Capacitance is how well a capacitor can store an electrical charge. You can understand this better using the formula:

$C = \frac{Q}{V}$

In this formula:

• $C$ is capacitance, measured in farads (F).
• $Q$ is the charge, measured in coulombs (C).
• $V$ is the voltage, measured in volts (V).

Different types of capacitors behave in different ways.
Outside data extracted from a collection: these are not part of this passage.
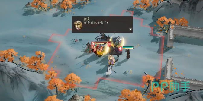 其余己方单位应分散部署于棋盘两侧,通过站位拉开与敌方双将的距离,使其无法触发近距离增益效果,同时起到诱导作用。注意保留典韦的伤害分摊技能以应对突发情况。整体阵型布置完成后即可进入战斗阶段。由于我方单位分布较广,迫使颜良与文丑分离,从而削弱其核心机制,大幅降低主战场整体压力。
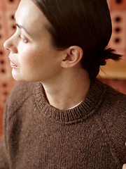 The sweater is worked top-down in the round. First, the folded neckband is worked in 1 x 1 Rib and finished with a welt. The increases of the compound raglan are worked together with the back and front neck shaping using German Short Rows, first over each shoulder separately to shape the back neck, then over both shoulders and the back to shape the front neck. When the raglan is finished, the body and sleeves are separated. Side decreases are worked to shape the body before working another welt and finishing the hem with 1 x 1 Rib. Stitches are picked up for the sleeves and sleeve shaping is done using decreases. The sleeves are finished with a welt and 1 x 1 Rib.
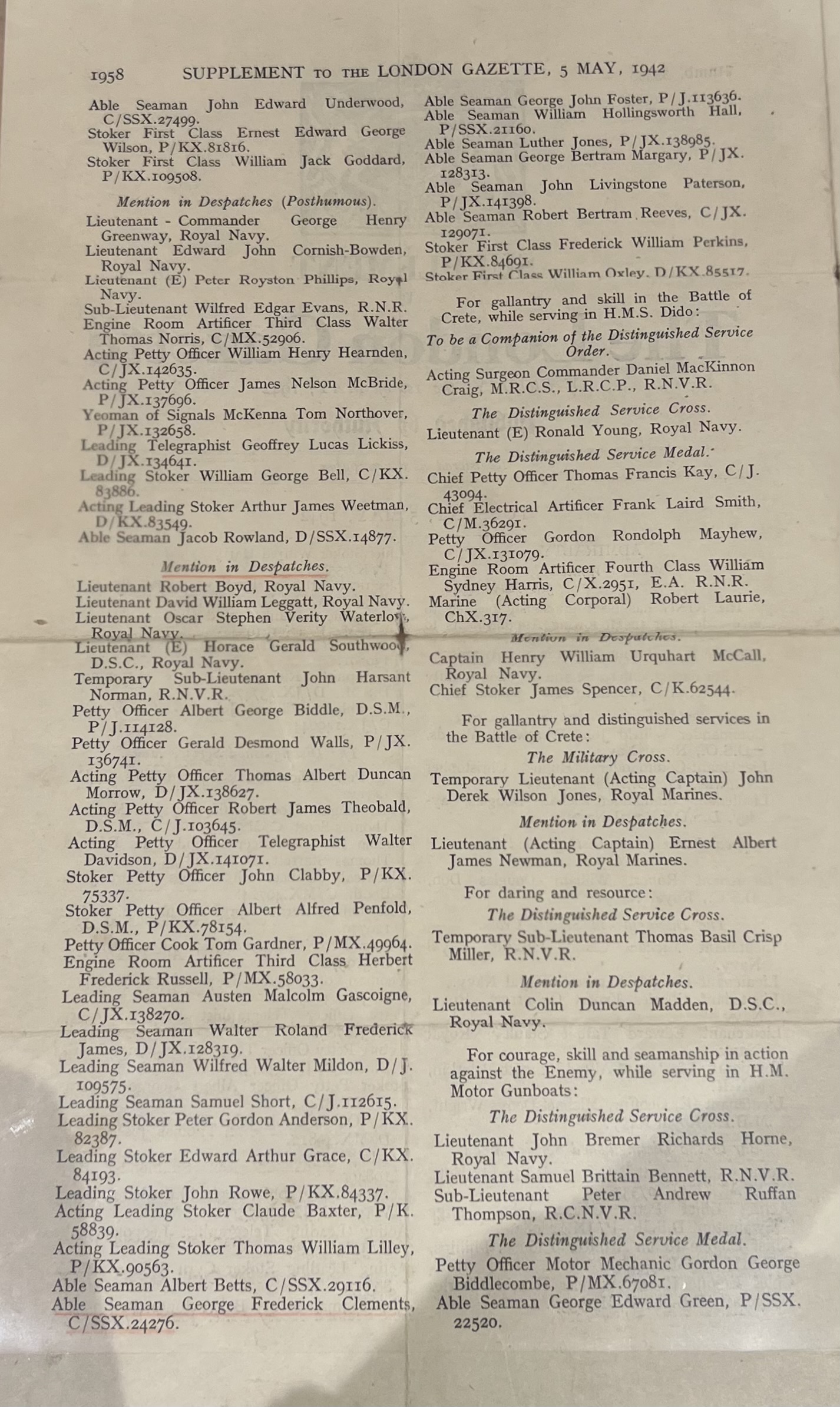 Billy was mentioned in Dispatches for bravery shown in HMS Dido in the evacuation of Crete in May 1941. He was writing home in April 1941 from HMS Triumph, so it seems likely that he was loaned to Dido for some reason. His service record card at Kew should give an answer wnen we get the chance to look at it.
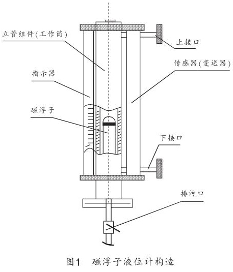 遠(yuǎn)傳式電伴熱型磁翻板液位計(jì)由磁浮子、工作筒、指示器、遠(yuǎn)傳變送器組成,如圖 1 所示。
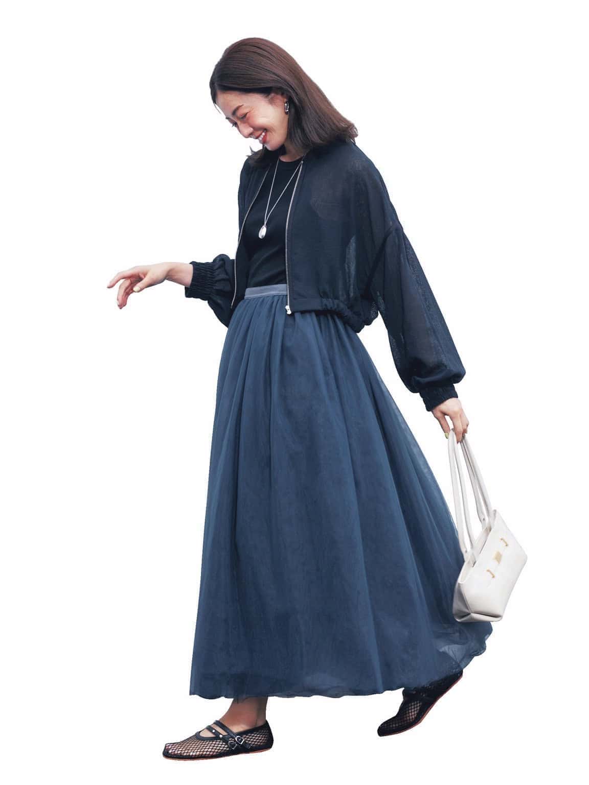 肌寒さを感じ始める26℃の日は、いよいよ長袖の羽織りをプラス。トレンドのシアー素材は通気性の良さも魅力で、やっぱり暑くて脱ぐ、脱ぐと寒いのスパイラルとも無縁。黒でまとめたスタイルも重たく見えず、しっとりとした女性らしさを漂わせます。秋の入口にぴったりなレイヤードスタイルです。

This affects how they work, how well they perform, and where they can be used.

Types of Capacitors

1. Ceramic Capacitors

   • What They Are Like: They are low-cost, small, and can keep their capacitance steady even when the voltage or temperature changes.
   • Capacitance Range: Usually between 1 picofarad (pF) and 100 microfarads (µF).
   • Where They Are Used: Found in filtering, decoupling, and timing circuits.

2. Electrolytic Capacitors

   • What They Are Like: These have a specific positive and negative side (polarized), can hold a lot of charge for their size, and are mostly used in direct current (DC) applications.
   • Capacitance Range: From 1 microfarad (µF) to thousands of microfarads (µF).
   • Energy Storage: They can store a lot of energy, which can be figured out using this formula: $E = \frac{1}{2} C V^2$.

3. Film Capacitors

   • What They Are Like: They are stable and have low energy loss, making them great for alternating current (AC) applications.
   • Capacitance Range: Ranges from 1 nanofarad (nF) to 100 microfarads (µF).
   • Where They Are Used: Common in power electronics, audio devices, and pulse circuits.

Summary of How They Work

• Voltage Rating: Each type of capacitor has a maximum voltage it can handle. Using more voltage than this can cause it to break.
• Frequency Response: Ceramic capacitors work better at high frequencies, so they are ideal for radio frequency (RF) applications.
• Temperature Effects: The capacitance can change with temperature, especially in ceramic capacitors. This change can affect how reliable a circuit is.